À quelques jours d'une campagne électorale qui s'annonce difficile, les députés libéraux ont été incapables de trancher une question délicate. Après des échanges émotifs, ils n'ont pas décidé si l'ex-ministre Pierre Paradis pourrait terminer sa carrière avec l'étiquette «libérale».

La question a surgi comme une surprise pour les députés réunis samedi en marge du congrès annuel des jeunes du PLQ, à Montréal. Philippe Couillard a fait valoir qu'il avait eu des demandes du député de Brome-Missisquoi qui souhaitait terminer sa carrière comme libéral - une reconnaissance officielle devrait être transmise à l'Assemblée nationale. Il est convenu qu'il ne sera pas de nouveau candidat, mais il tarde à l'annoncer - il devait le faire début juillet.

Cette reconnaissance dans ses notes biographiques aurait constitué un peu de baume sur la blessure de Pierre Paradis, mis au ban de son parti après une carrière de 37 ans comme député.

Selon les sources de La Presse, d'entrée de jeu, Philippe Couillard a paru favorable à cette idée. Mais, manifestement, il avait sous-estimé la réaction de son caucus.

Après une heure d'échanges stériles, il n'y a pas eu de décision, il s'est contenté de dire qu'«on s'en reparlera[it]» et les élus ont pu se rendre à l'activité de l'aile jeunesse.

Accusation d'inconduite sexuelle



Car sitôt l'idée lancée par M. Couillard, le débat s'est enflammé. Le ministre Pierre Moreau, surtout, a tout fait pour convaincre ses collègues qu'il s'agissait d'une décision bien risquée à la veille d'une campagne électorale. Surtout, un tel geste, inattendu, risquait d'être fort mal interprété par les électrices - les femmes sont généralement plus favorables aux libéraux qu'aux caquistes ou aux péquistes.

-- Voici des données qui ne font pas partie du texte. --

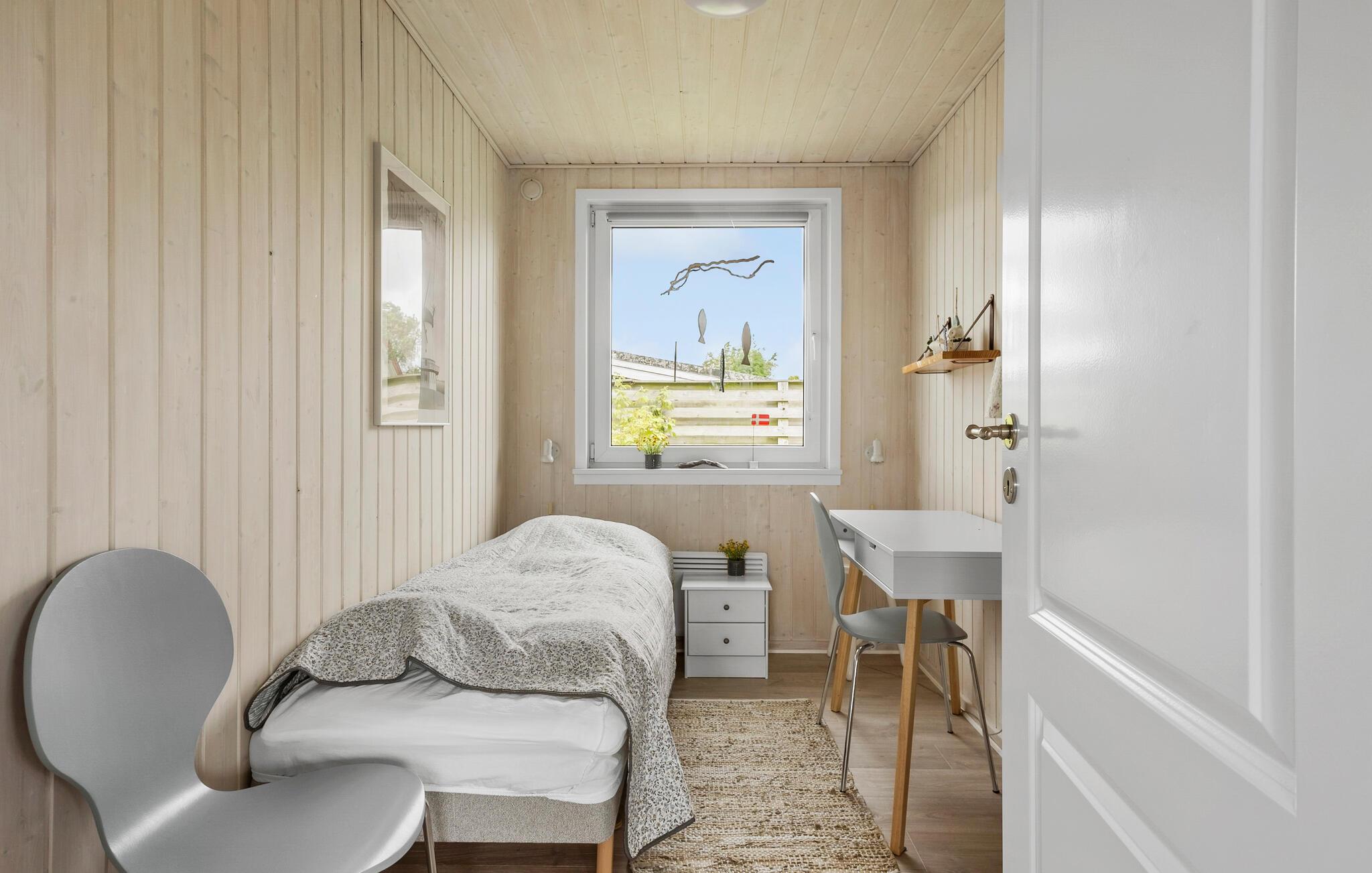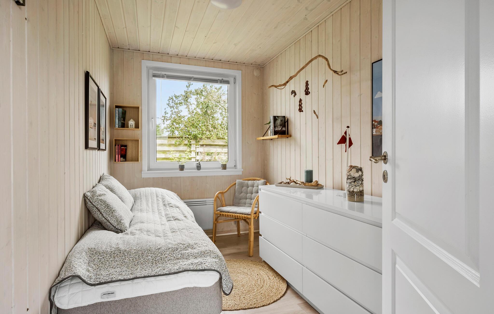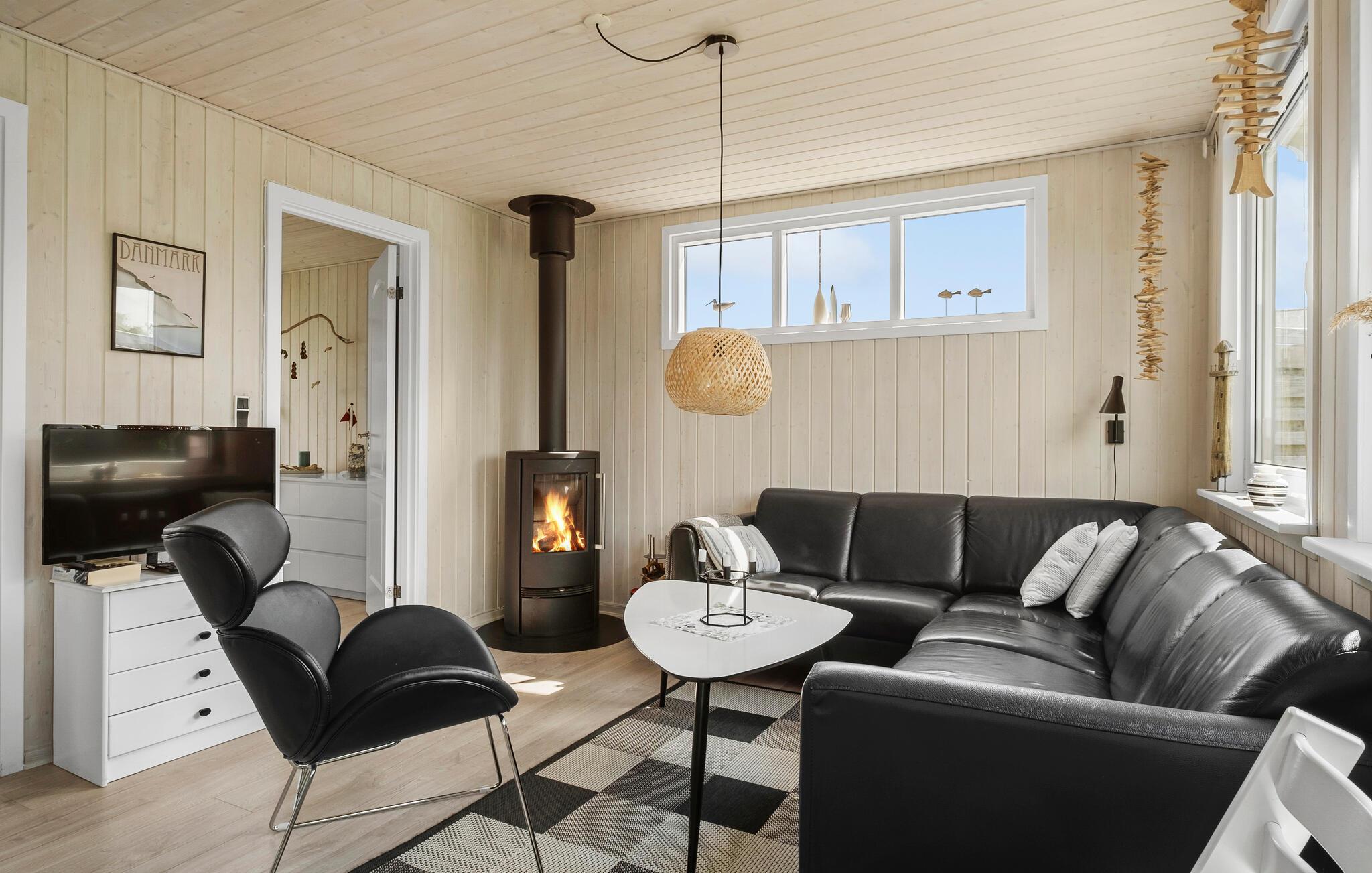 Der er ikke langt ned til den skønne sandstrand fra dette sommerhus. Her kan I have en hyggelig feriebase, hvor I kan slappe af og nyde nogle dejlige dage sammen. I hyggekrogen kan I lade batterierne op foran brændeovnen. Om aftenen kan I udvælge en god film, som I kan se fra sofaen. Køkkenet er aflukket med en halvevæg af flot murstensværk. I haven er der lagt op til afslappende stunder, og hyggelige grillaftener.

Le ministre de l'Énergie a été particulièrement virulent sur les conséquences d'une réhabilitation de l'ex-ministre Paradis, expulsé du caucus à la suite d'une plainte à la police de son ancienne chef de cabinet. Valérie Roy l'avait accusé d'inconduite sexuelle, mais le Directeur des poursuites criminelles et pénales n'avait déposé aucune poursuite contre l'ex-ministre de l'Agriculture. M. Paradis avait tout de même été expulsé du caucus libéral.

Depuis janvier 2017, M. Paradis, qui souffre d'une grave commotion cérébrale, n'est pas réapparu à l'Assemblée nationale.

Selon les informations colligées, les députés étaient carrément partagés sur l'opportunité d'obtempérer à cette demande. La ministre Hélène David a souligné qu'au-delà des individus, remettre cette question à l'ordre du jour risquait de soulever un débat inutile auprès de l'électorat féminin. D'autres ministres, dont Christine St-Pierre, toujours sensible à ces questions, étaient du même avis. Mais les opinions étaient partagées - rien à voir avec la réaction unanime, la répudiation spontanée des mêmes élus à l'endroit de Gerry Sklavounos, expulsé lui aussi du caucus libéral.

Dans des circonscriptions difficiles, les élus de la région de Québec étaient unanimement opposés à la réhabilitation du député. Les plus favorables étaient les élus de l'Estrie, la région de M. Paradis, indique-t-on.